== WHAT THIS TASK INVOLVES ==
Please repeat, exactly and without pictures, the lines of the entries below that run from the one containing "Bordets generösa mått" through the one containing "運動場では,司会の進行ではじ".

== DATA SHOWN ==
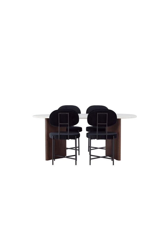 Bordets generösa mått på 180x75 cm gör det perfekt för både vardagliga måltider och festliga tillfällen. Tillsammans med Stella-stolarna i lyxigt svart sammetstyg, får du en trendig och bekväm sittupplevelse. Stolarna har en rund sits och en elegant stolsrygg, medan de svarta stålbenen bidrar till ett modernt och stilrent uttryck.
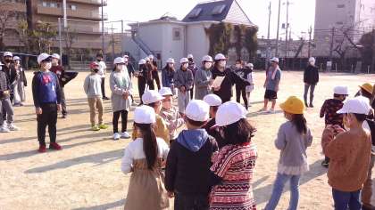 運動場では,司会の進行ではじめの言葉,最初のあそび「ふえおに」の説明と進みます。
...
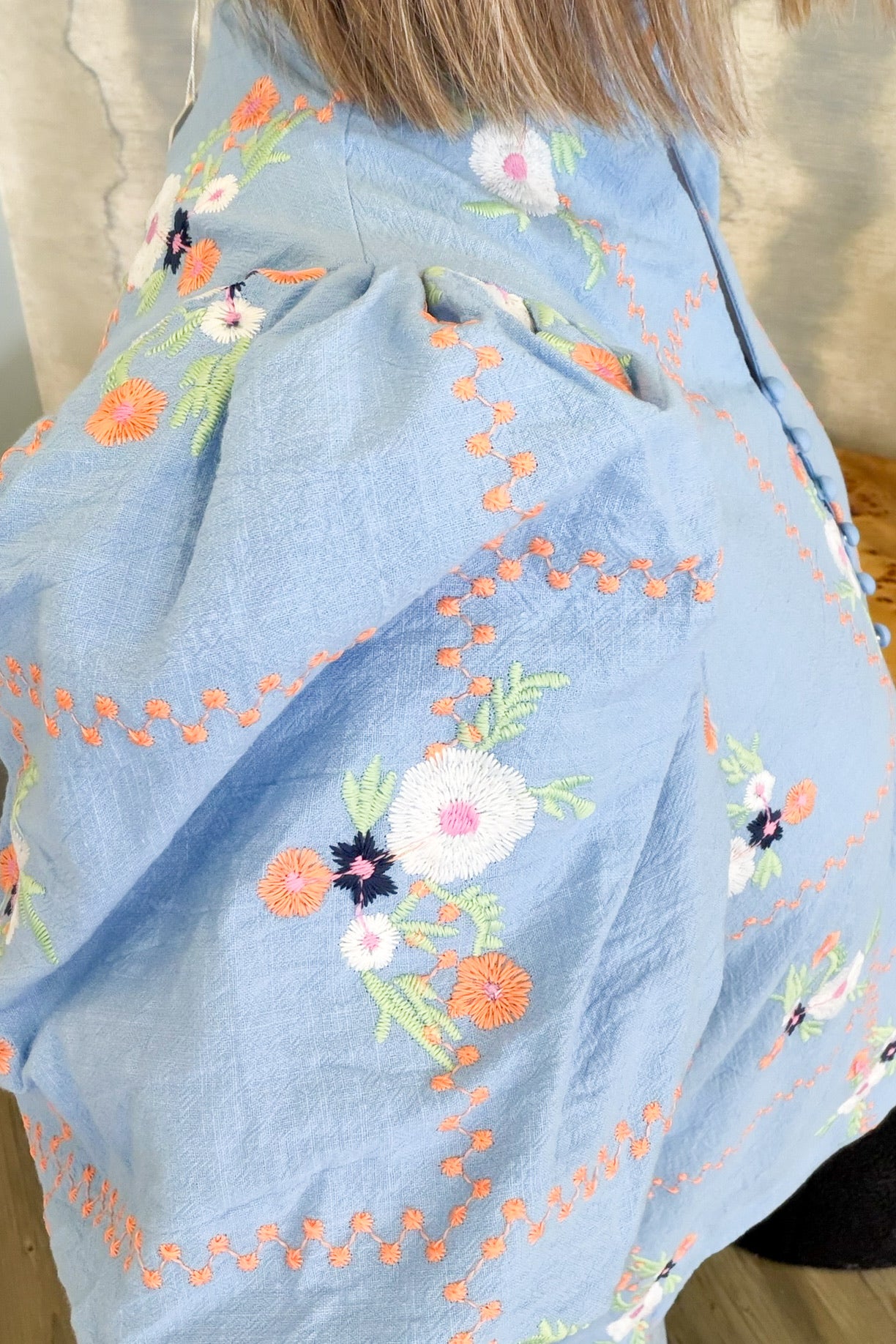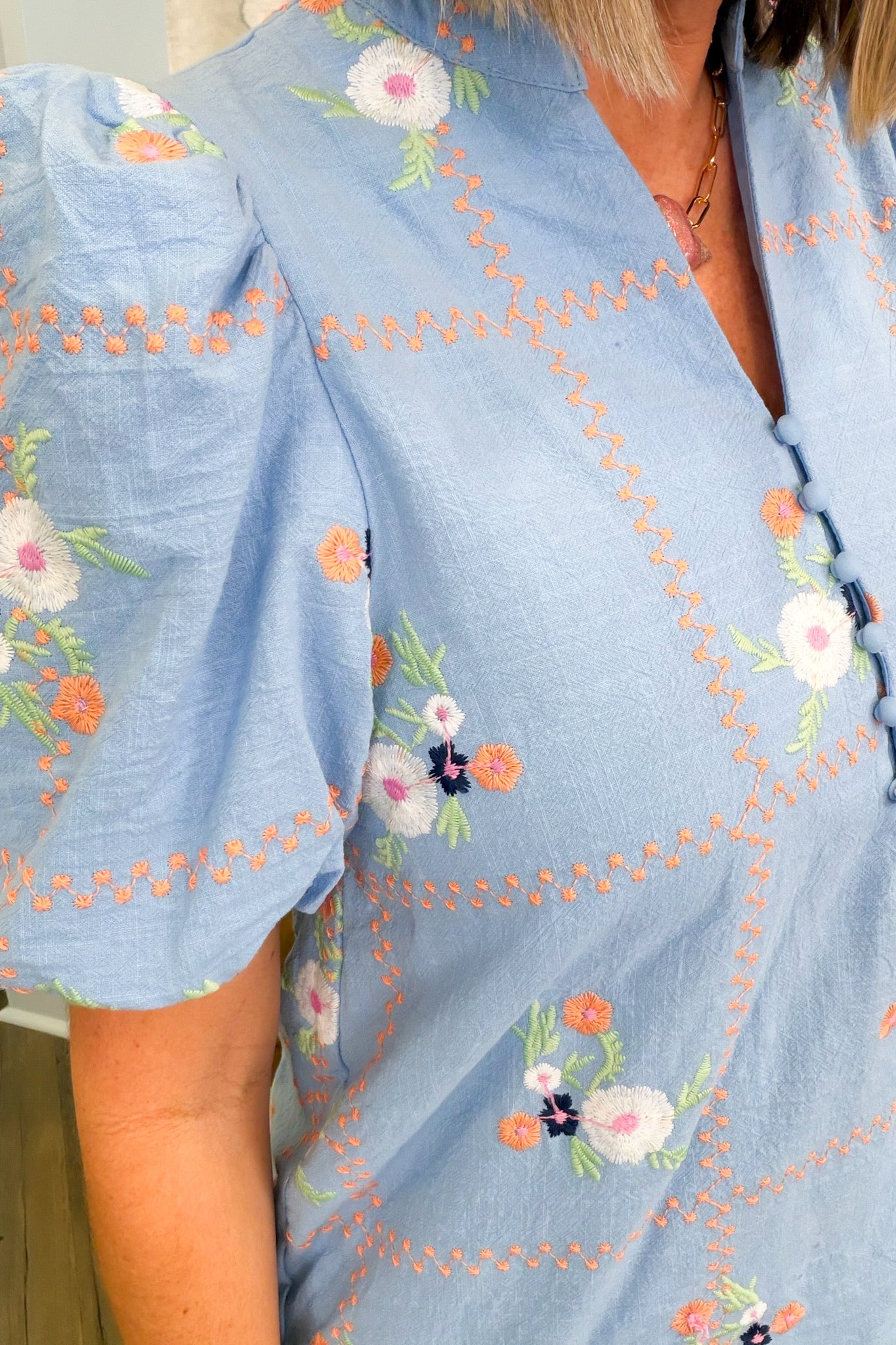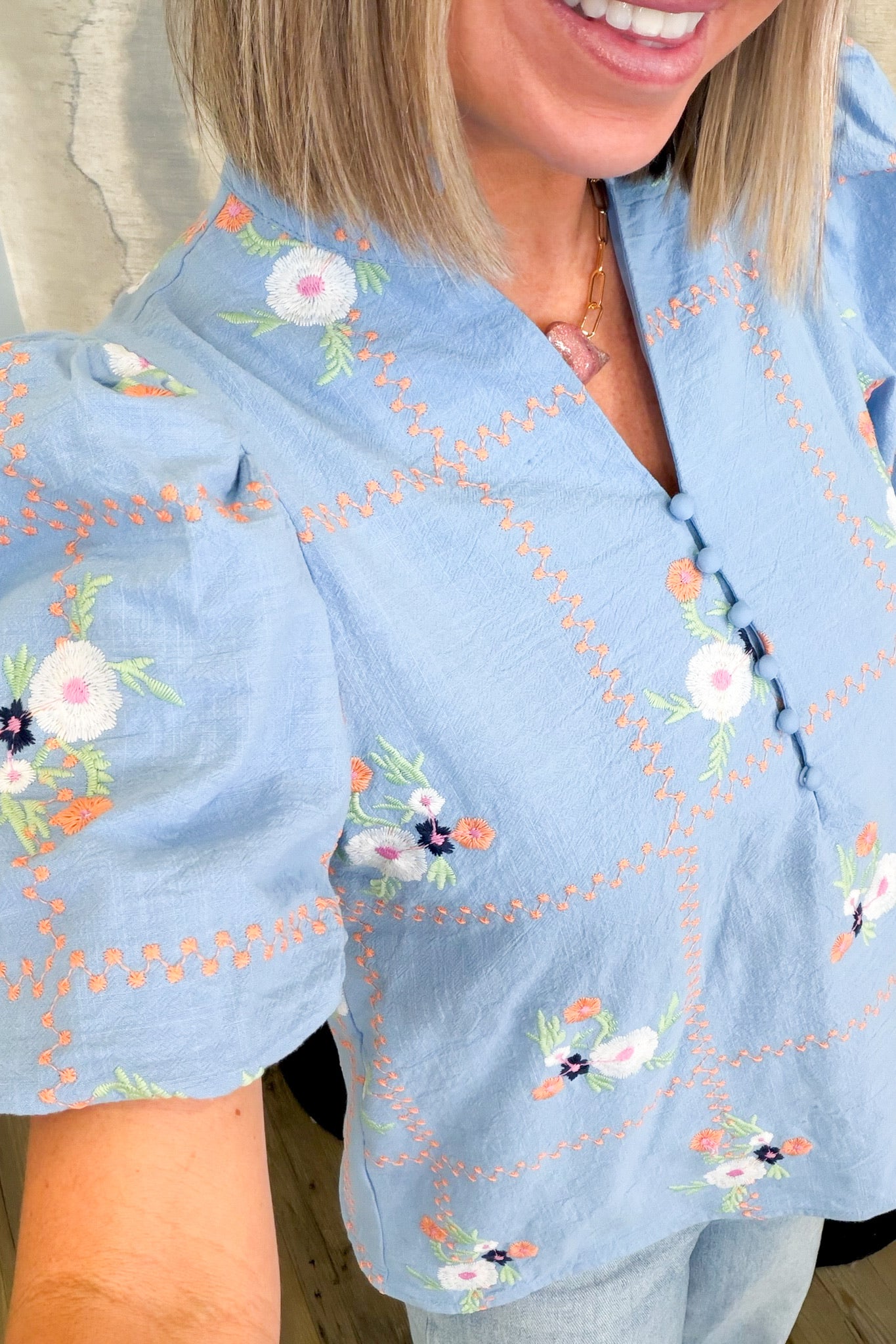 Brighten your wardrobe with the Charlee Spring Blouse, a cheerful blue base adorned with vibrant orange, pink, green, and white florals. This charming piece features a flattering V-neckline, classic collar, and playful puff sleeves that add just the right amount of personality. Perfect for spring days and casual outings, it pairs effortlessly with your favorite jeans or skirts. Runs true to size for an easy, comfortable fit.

== WRITTEN RESPONSE ==
 Bordets generösa mått på 180x75 cm gör det perfekt för både vardagliga måltider och festliga tillfällen. Tillsammans med Stella-stolarna i lyxigt svart sammetstyg, får du en trendig och bekväm sittupplevelse. Stolarna har en rund sits och en elegant stolsrygg, medan de svarta stålbenen bidrar till ett modernt och stilrent uttryck.
 運動場では,司会の進行ではじめの言葉,最初のあそび「ふえおに」の説明と進みます。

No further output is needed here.